*Work order*.
Transcribe only the stretch of lines that opens with the line containing "中鐵一局的施工人員在格庫鐵路新疆段固定最后一組軌排(7月21攝)。新華社記者 丁磊 攝" and closes with the last line of the listing, skipping pictures.

*Data extract*.

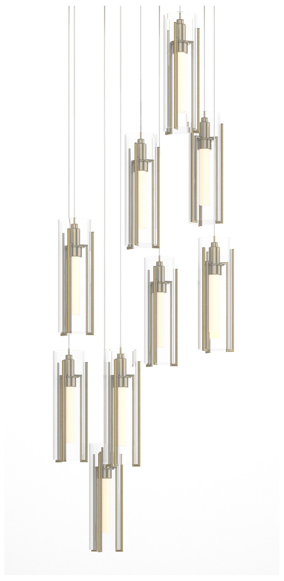 Exos 20.5"W 9-Light Round Modern Brass Long Pendant w/ Clear Glass Sha
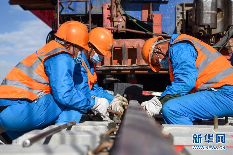 中鐵一局的施工人員在格庫鐵路新疆段固定最后一組軌排(7月21攝)。新華社記者 丁磊 攝
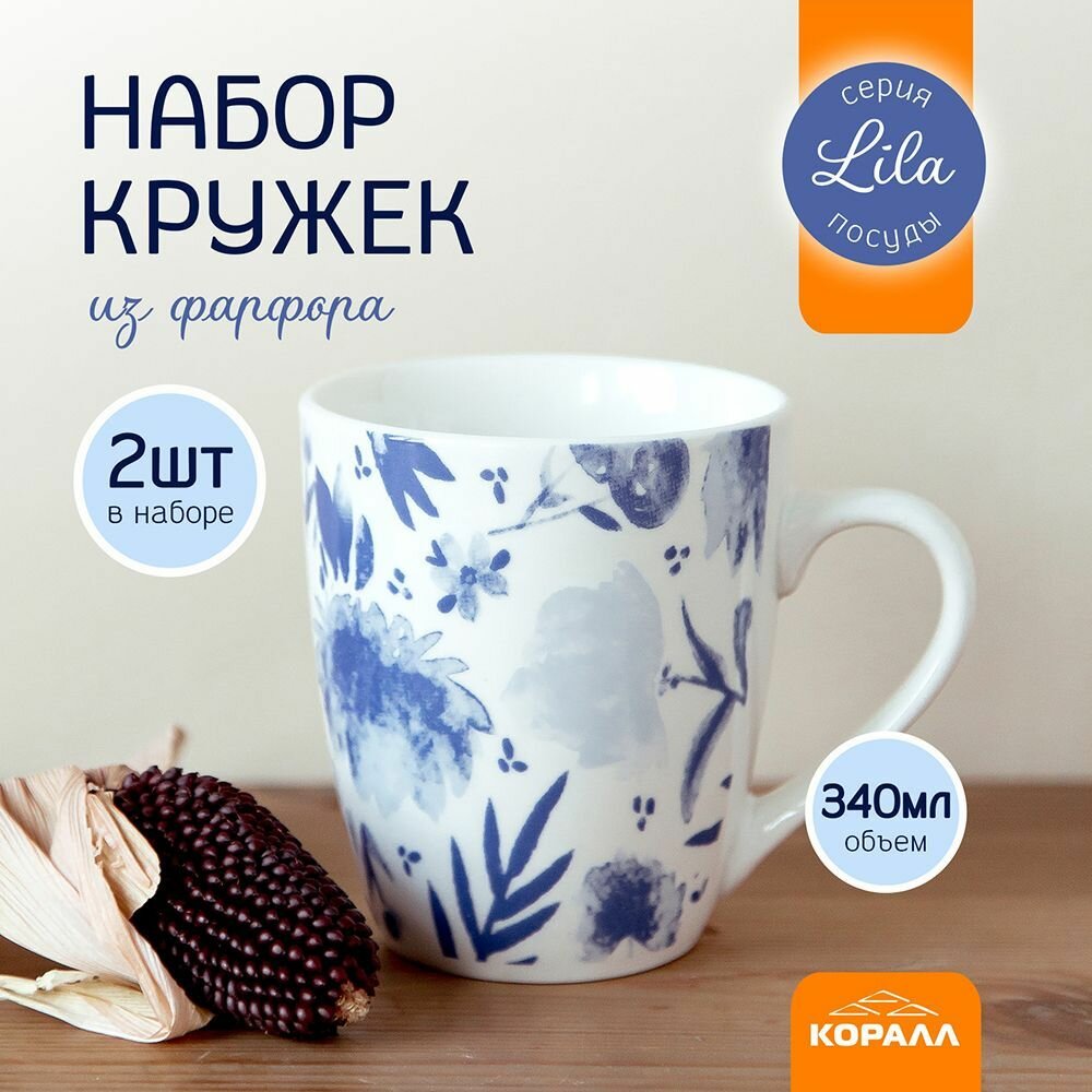 Набор кружек из фарфора 2шт 340мл "Lila", большие вместительные кружки для чая, кофе, какао интересное:

*Reply*.
 中鐵一局的施工人員在格庫鐵路新疆段固定最后一組軌排(7月21攝)。新華社記者 丁磊 攝
 Набор кружек из фарфора 2шт 340мл "Lila", большие вместительные кружки для чая, кофе, какао интересное:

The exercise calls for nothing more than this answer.